Charles Peace: King of the Cat Burglars

Peace in London

"His last two years were nothing less than a march of triumph," Whibley claims.  "If you remember his constant danger, you will realise the grandeur of the scheme."

Irving concurs in Peace's achievements in crime.

"In that comparatively short space of time, by the exercise of that art, to his natural gifts for which he had now added the wholesome tonic of experience, Peace passed from a poor and obscure lodging in a slum in Lambeth to the state and opulence of a comfortable suburban residence in Peckham," he wrote.

At Evelina Road, Peckham, the group set up quarters in a moderate house, where Charlie kept a pony and cart, and each evening, Mr. and Mrs. Thompson, along with Mrs. Ward and her son, their lodgers, ould entertain the neighbors with musical entertainment. "With Sue at the piano, he would play favorite airs on his violin, or sing one of the sentimental ballads of the period," Hall wrote. "The evening would end early, for Mr. Thompson was known to disapprove of late nights. The Queen herself could not have disapproved of their restrained and exemplary way of life."

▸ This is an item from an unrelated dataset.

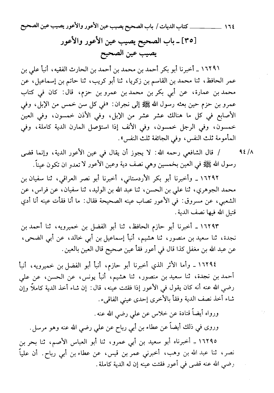 16291 - أَخْبَرَنَا أَبُو بَكْرٍ أَحْمَدُ بْنُ مُحَمَّدِ بْنِ أَحْمَدَ بْنِ الْحَارِثِ الْفَقِيهُ، أنبأ عَلِيُّ بْنُ عُمَرَ الْحَافِظُ، ثنا مُحَمَّدُ بْنُ الْقَاسِمِ بْنِ زَكَرِيَّا، ثنا أَبُو كُرَيْبٍ، ثنا حَاتِمُ بْنُ إِسْمَاعِيلَ، عَنْ مُحَمَّدِ بْنِ عُمَارَةَ، عَنْ أَبِي بَكْرِ بْنِ مُحَمَّدِ بْنِ عَمْرِو بْنِ حَزْمٍ، قَالَ: كَانَ فِي كِتَابِ عَمْرِو بْنِ حَزْمٍ، حِينَ بَعَثَهُ رَسُولُ اللهِ صَلَّى اللهُ عَلَيْهِ وَسَلَّمَ إِلَى نَجْرَانَ: " فِي §كُلِّ سِنٍّ خَمْسٌ مِنَ الْإِبِلِ، وَفِي الْأَصَابِعِ فِي كُلِّ مَا هُنَالِكَ عَشْرٌ عَشْرٌ مِنَ الْإِبِلِ، وَفِي الْأُذُنِ خَمْسُونَ، وَفِي الْعَيْنِ خَمْسُونَ، وَفِي الرِّجْلِ خَمْسُونَ، وَفِي الْأَنْفِ إِذَا اسْتُؤْصِلَ الْمَارِنُ الدِّيَةُ كَامِلَةً، وَفِي الْمَأْمُومَةِ ثُلُثُ النَّفْسِ، وَفِي الْجَائِفَةِ ثُلُثُ النَّفْسِ " قَالَ الشَّافِعِيُّ رَحِمَهُ اللهُ: لَا يَجُوزُ أَنْ يُقَالَ: فِي عَيْنِ الْأَعْوَرِ الدِّيَةُ، وَإِنَّمَا قَضَى رَسُولُ اللهِ صَلَّى اللهُ عَلَيْهِ وَسَلَّمَ فِي الْعَيْنِ بِخَمْسِينَ، وَهِيَ نِصْفُ دِيَةٍ، وَعَيْنُ الْأَعْوَرِ لَا تَعْدُو أَنْ تَكُونَ عَيْنًا

At about the same time "the Thompsons" arrived in London, the Peckham neighborhood was beset by a rash of spectacular burglaries.  Had the authorities itemized the stolen items from the burglaries they would have noted that in every burgled home where a musical instrument was owned, it was stolen by the thief in addition to more marketable items. None of the musical instruments ever turned up in any of London's many pawnshops. No one suspected the friendly, yet moral Mr. Thompson, with his ever-growing collection of musical instruments,

"The police never had a shadow of suspicion that Mr. Thompson of Peckham was Charles Peace of Sheffield," Irving wrote. "They knew the former only as a polite and chatty old gentleman of a scientific turn of mind, who drove his own pony and trap, and had a fondness for music and keeping pet animals."

Peace's "scientific turn of mind" actually resulted in the issuance of a patent in the names of Thompson and his neighbor, a Mr. Brion. Their invention was designed "to raise sunken vessels by the displacement of water within them by air and gases." The invention came to naught; after an audience with the First Lord of the Admiralty, the British Navy opted not to license it from them. Undeterred, Peace continued on with his experiments, among them a smoke helmet for firemen, an improved brush for washing railway carriages, and a form of hydraulic tank.

If anyone had suspected the Thompsons of being anything other than a well-to-do couple and set up a watch on their Evelina Road home (tastefully decorated in the style of the time: "a good walnut suite of furniture; a Turkey carpet, gilded mirrors, a piano, an inlaid Spanish guitar, and, by the side of an elegant table, the beaded slippers of the good master of the house," according to Irving), they would have noticed that shortly after their host bade his guests farewell, "Mr. Thompson," armed with a violin case that contained no musical instrument, would slip out to the shed where he kept his prize pony, Tommy. An observant neighbor could have seen him then open the back gate that led down an alley to a railway right-of-way, and disappear into the night, his pony's hoofs making little sound on the dirt path. Then, shortly before sunrise, the pony and master would return as they came, back safely into the yard at 5 East Terrace, Evelina Road, before the milkmen and dustmen made their early morning rounds.